LEO: Confidences and Secrets: Disclosure of LE Op. 1607
Confidences and Secrets: Disclosure of Client Confidences Affecting Public Health Issue When Client Refuses Consent.
September 16, 1994
You have presented a hypothetical situation in which a former employee of a major company visits an attorney's office, and advises counsel that he wishes assistance in making public certain information he has about irregular, and possibly illegal, actions of his former employer which may have an effect on public health. You also state that the client is completely innocent of complicity of any sort in the company's decisions or actions in this matter, having gained knowledge of the circumstances inadvertently.
Several days later, the client's wife prevails on the client not to risk his new employment situation by making public his knowledge of these events. (You state that the former employer may have some leverage with the new employer.) The client then directs counsel not to go forward in making the information public.
Counsel is now deeply concerned about his obligation to society, as opposed to his obligation to the client, and wishes to release the information out of concern for the health and safety of the public. Counsel is concerned, however, that such release of the information without the client's permission could be viewed as a breach of confidentiality and could conceivably result in client losing his present employment.
You have asked the committee to opine whether, under the facts of the inquiry, counsel may make public the information he was provided by the client, in the absence of the client's permission.

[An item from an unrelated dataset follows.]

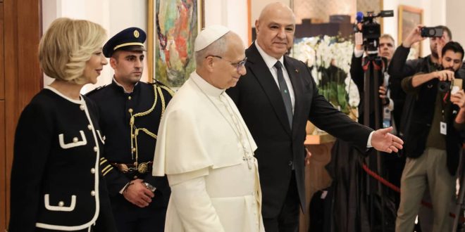 وقال الرئيس اللبناني جوزاف عون في كلمته خلال استقبال البابا لاوُن الرابع عشر في قصر بعبدا :”بفرح عظيم، أرحب بكم، رسول سلام في وطن السلام. بشرف عظيم، وباسم الشعب اللبناني بكل مكوّناته وطوائفه وانتماءاته، أرحّب بكم في هذا الوطن الصغير بمساحته، الكبير برسالته، لبنان الذي كان وما زال أرضاً تجمع بين الإيمان والحرية، بين الاختلاف والوحدة، وبين الألم والرجاء”، بحسب ما نقلت عنه الوكالة الوطنية اللبنانية للإعلام.

The appropriate and controlling Disciplinary Rule related to your inquiry is DR:4-101, which provides for the preservation of client confidences and secrets.
The information possessed by counsel is confidential, received within the attorney-client relationship. Canon 4 provides, with few exceptions, for the preservation of such client confidences and secrets.
The facts indicate that the client is innocent of any complicity in the company's decisions or actions in the matter. The facts do not indicate that the client has perpetrated a fraud upon a tribunal, or that he intends to commit a crime, related to this matter. Therefore, the exceptions to maintaining confidentiality, under DR:4-101(D) do not apply.
Thus, the committee opines that counsel may not reveal the information provided by the client, regardless of counsel's motivation, absent the client's permission.